◆ WHAT NEEDS TO BE DONE ◆
Only those lines in the data below from the line containing "и судебные расходы" through the line containing "江西省婺源县抗疫牵动着上饶人", both included, should be restated word for word.

◆ DATA SECTION ◆
══════
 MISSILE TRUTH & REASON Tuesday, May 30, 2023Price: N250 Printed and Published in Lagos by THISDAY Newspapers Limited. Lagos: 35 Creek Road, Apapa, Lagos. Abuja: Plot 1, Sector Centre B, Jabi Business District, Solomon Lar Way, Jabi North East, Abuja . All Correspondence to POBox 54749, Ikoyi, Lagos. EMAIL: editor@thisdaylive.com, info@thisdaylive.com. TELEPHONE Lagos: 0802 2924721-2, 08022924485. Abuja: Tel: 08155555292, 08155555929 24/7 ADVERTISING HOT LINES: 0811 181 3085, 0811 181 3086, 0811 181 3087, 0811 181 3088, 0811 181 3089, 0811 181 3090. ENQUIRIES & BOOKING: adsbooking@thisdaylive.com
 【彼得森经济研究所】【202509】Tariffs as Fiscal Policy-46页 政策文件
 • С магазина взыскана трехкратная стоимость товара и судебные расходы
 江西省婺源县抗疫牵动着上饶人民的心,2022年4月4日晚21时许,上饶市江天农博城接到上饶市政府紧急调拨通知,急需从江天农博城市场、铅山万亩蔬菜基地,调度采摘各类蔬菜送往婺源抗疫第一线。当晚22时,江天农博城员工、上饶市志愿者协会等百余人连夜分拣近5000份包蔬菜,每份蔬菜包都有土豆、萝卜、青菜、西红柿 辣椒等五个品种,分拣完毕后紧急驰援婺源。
══════
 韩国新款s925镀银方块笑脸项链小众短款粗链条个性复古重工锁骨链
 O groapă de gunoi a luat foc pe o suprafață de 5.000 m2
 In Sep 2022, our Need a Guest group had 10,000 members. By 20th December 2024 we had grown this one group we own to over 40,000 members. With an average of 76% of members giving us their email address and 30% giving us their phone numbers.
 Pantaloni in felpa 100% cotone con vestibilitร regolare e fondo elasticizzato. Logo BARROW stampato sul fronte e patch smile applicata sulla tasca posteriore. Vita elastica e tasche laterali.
══════
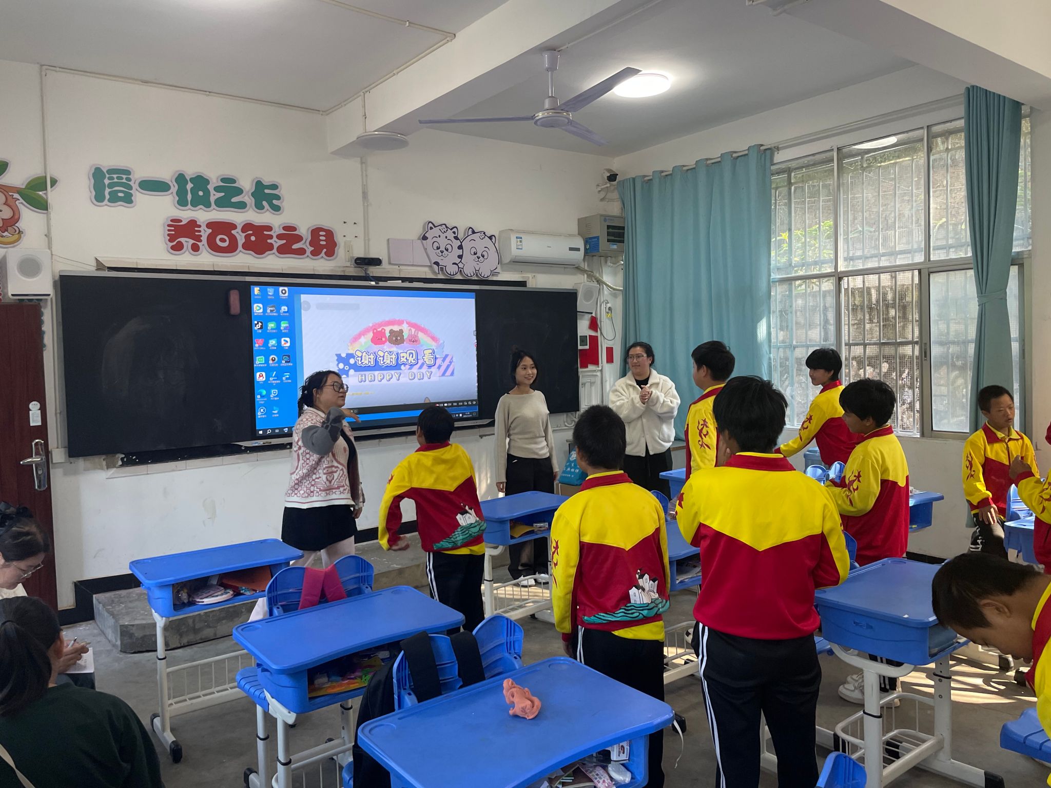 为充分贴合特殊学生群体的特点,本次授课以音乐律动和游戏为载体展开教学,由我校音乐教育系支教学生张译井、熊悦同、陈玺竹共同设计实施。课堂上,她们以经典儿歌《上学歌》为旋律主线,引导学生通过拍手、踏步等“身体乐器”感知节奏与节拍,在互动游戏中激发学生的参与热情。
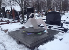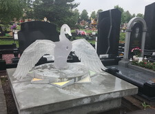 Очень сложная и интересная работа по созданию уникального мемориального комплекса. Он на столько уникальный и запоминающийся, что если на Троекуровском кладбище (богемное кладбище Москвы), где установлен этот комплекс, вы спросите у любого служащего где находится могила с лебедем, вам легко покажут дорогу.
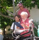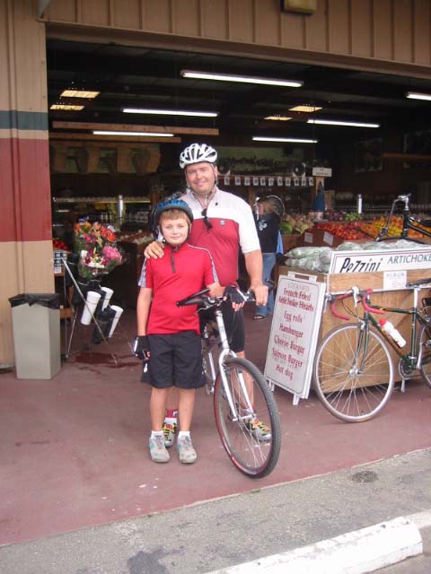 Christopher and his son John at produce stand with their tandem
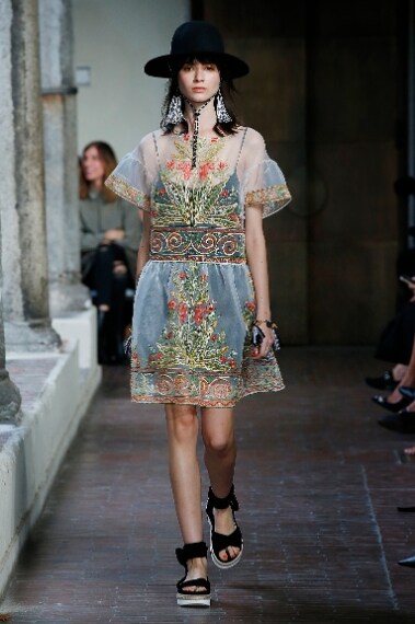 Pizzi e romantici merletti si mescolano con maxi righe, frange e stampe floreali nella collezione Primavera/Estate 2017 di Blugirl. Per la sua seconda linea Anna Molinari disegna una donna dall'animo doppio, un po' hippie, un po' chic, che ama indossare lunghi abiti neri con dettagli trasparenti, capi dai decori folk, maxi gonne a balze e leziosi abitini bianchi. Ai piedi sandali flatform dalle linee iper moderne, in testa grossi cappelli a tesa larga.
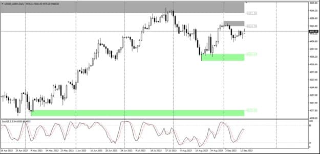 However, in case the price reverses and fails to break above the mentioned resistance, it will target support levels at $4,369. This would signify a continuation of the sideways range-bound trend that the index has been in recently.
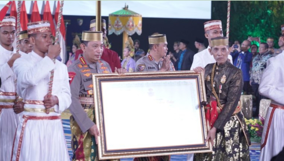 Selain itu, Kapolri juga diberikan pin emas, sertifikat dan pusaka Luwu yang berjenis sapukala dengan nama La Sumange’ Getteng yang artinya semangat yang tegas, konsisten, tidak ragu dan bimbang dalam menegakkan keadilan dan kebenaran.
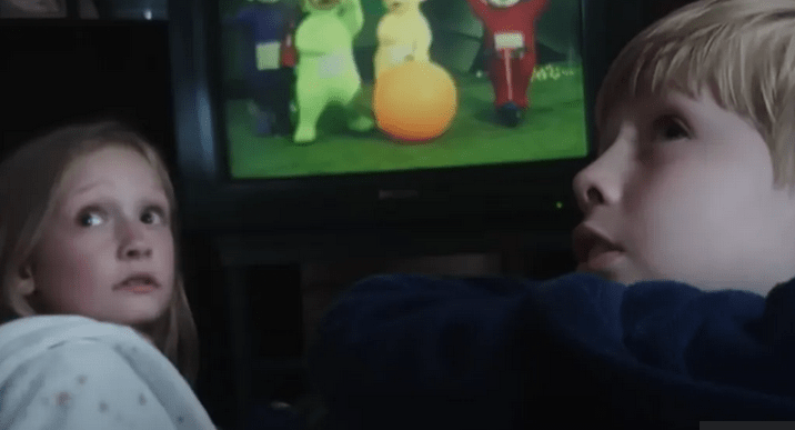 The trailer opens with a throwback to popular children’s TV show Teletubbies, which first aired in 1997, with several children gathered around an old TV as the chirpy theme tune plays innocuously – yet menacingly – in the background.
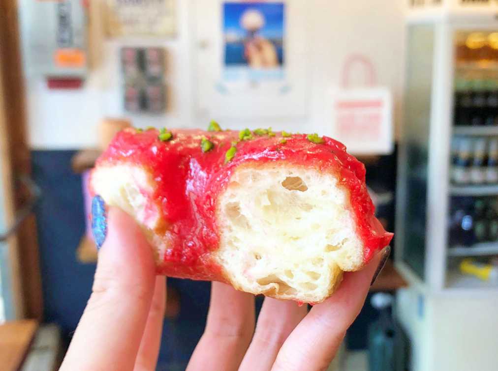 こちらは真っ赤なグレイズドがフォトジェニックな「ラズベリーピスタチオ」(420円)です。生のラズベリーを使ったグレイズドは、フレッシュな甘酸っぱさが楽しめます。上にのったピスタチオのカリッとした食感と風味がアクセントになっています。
══════
◆ EXERCISE SOLUTION ◆
 • С магазина взыскана трехкратная стоимость товара и судебные расходы
 江西省婺源县抗疫牵动着上饶人民的心,2022年4月4日晚21时许,上饶市江天农博城接到上饶市政府紧急调拨通知,急需从江天农博城市场、铅山万亩蔬菜基地,调度采摘各类蔬菜送往婺源抗疫第一线。当晚22时,江天农博城员工、上饶市志愿者协会等百余人连夜分拣近5000份包蔬菜,每份蔬菜包都有土豆、萝卜、青菜、西红柿 辣椒等五个品种,分拣完毕后紧急驰援婺源。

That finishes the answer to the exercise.